Olivier Krug Debuts the 2008 Krug Clos du Mesnil

Mark Bright, Olivier Krug, and Gary Westby with three bottles of Krug based on the 2008 vintage

This past Monday, I was invited to lunch by Olivier Krug, who was visiting California with his team for the debut of the 2008 Krug "Clos du Mesnil" Brut Blanc de Blancs Champagne. We went to Spruce, in the beautiful Pacific Heights neighborhood of San Francisco, and had a great time catching up while enjoying some excellent food and unforgettable Champagne. To call this 2008 release anticipated would be a gigantic understatement—it is one of the very last from this vintage, which I consider the best of my career, and from one of the most important vineyard sites in Champagne.

Olivier was very proud to tell me that his team is working more professionally than ever, and that they haven’t had an accident that caused a work stoppage in three years at Krug. Wineries can be dangerous places, and he cares deeply for the team that makes some of the greatest wines on the planet. In 2022, they were blessed with a very successful harvest, and chef de cave Julie Cavil made 299 separate vins clairs for their future 178ème Édition, reserve program, rosé, and hopefully some vintage and single vineyard wines.

Krug’s ID program is something that I have written about a lot on this blog. Every bottle has number on the back of it that you can enter on their website to learn all the facts on the wine. They are industry leaders in transparency, and I encourage all readers to check out one or two of the IDs below. It is my reference for all the facts on these wines and having it available allowed our conversation at lunch not to be totally consumed by technical details.

We started the lunch with a half-bottle of Krug "Grande Cuvée" 170ème Édition Brut Champagne, ID 320021. It is amazing to me to think that this little half bottle has 12 vintages in it, spanning 1998 to 2014. It was disgorged in summer of 2020 and composed of 51% Pinot Noir, 38% Chardonnay, and 11% Meunier. Out of half bottle one can already find the nuttiness in this wine, which is much tighter and more linear out of 750ml. The combination of refreshing chalk and rich brioche in this wine is beguiling, the consistency of their execution is hard to believe. 

We then moved on to the debut of the 2008 Krug "Clos du Mesnil" Brut Blanc de Blancs Champagne, ID 321045. This wine will be so highly allocated that I am bound to disappoint far too many of our Krug loving customers, and I felt badly for using up a bottle for our lunch. That bad feeling went away as soon as I tasted it. Olivier told us that the harvest for this precious 4.5-acre walled vineyard began on September 18th, the same day as the financial crisis. The beauty of the grapes was a contrast to the ugly news—he said he would never forget that feeling. After 14 years, this wine is still almost water-clear, and, on the nose and in the mouth, it is clearly built for the very distant future—I could detect no toasty aromas even after all that time aging on the lees. The oak was completely consumed by the wine, and pure Chardonnay fruit—citric, incisive, and bright—defined the wine. The finish was incalculably long, chalky and driven, but not at all austere. For those who are lucky enough to find a bottle and able to buy it, it will be one of the greatest bottles in your cellar! 

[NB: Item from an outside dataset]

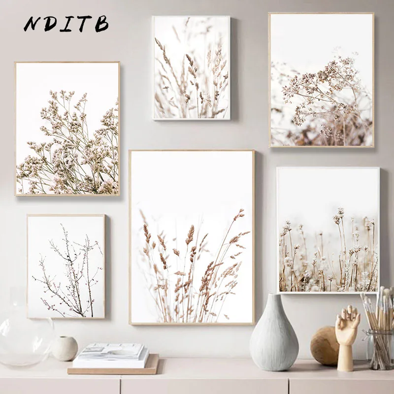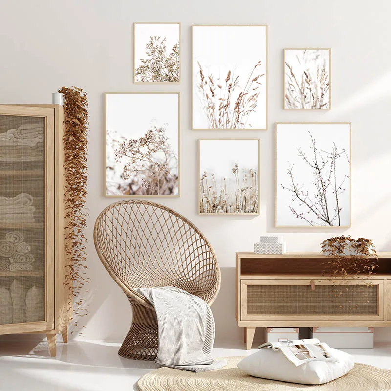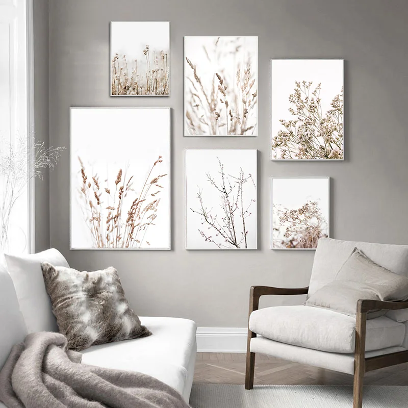 Скандинавская зимняя трава, природное растение, холст, плакат, минималистичное Ботаническое искусство, живопись, Настенная картина, Современное украшение для дома

Afterwards we tasted the 2008 Krug Brut Champagne, ID 220019, a wine that will be competing for the honor of the greatest wine from the greatest vintage of my career for many, many decades to come. At Krug, their nickname for this wine is “classic beauty,” and it delivers on the promise. I have been fortunate enough to drink this wine on four occasions now, and this time I found it to be at its tightest. If you have some in your cellar, I recommend waiting a few years to open it. This bottle was disgorged after 12 years on the lees in spring of 2020 and composed of 53% Pinot Noir, 25% Meunier, and 23% Chardonnay. For a wine aged this long and vinified 100% in small, old oak barrels, I was surprised to find the dominate aromatic note to be pamplemousse or grapefruit. The structure, the power and the length are undeniable. This is going to be one of the greatest Krug vintage offerings of all time. 

The last wine of the lunch was the Krug "Grande Cuvée" 164ème Édition Brut Champagne, ID 316037. As usual, it is the oldest Grand Cuvée of any Krug tasting that is my favorite of the day. Anyone who works for Krug will tell you that “there is no hierarchy at Krug,” and that the pricing of the bottles is linked to rarity, not quality. They will also tell you that the Grande Cuvée is the hardest of all the wines to make. Take them seriously. This wine was disgorged after eight years on the lees in summer of 2016 and then aged for another six years on its cork. The oldest wine in this blend of 11 vintages is 1990 and the youngest is 2008 and it is composed of 48% Pinot Noir, 35% Chardonnay and 17% Meunier. The time on the cork made this masterful wine open for business now, with incredible hazelnut depth, panettone toast aromas, and a briny minerality that is carried off to infinity on the finish by the acidity of 2008. If you have some of this in your cellar, pull it out for a special occasion now or keep it for as long as you would like.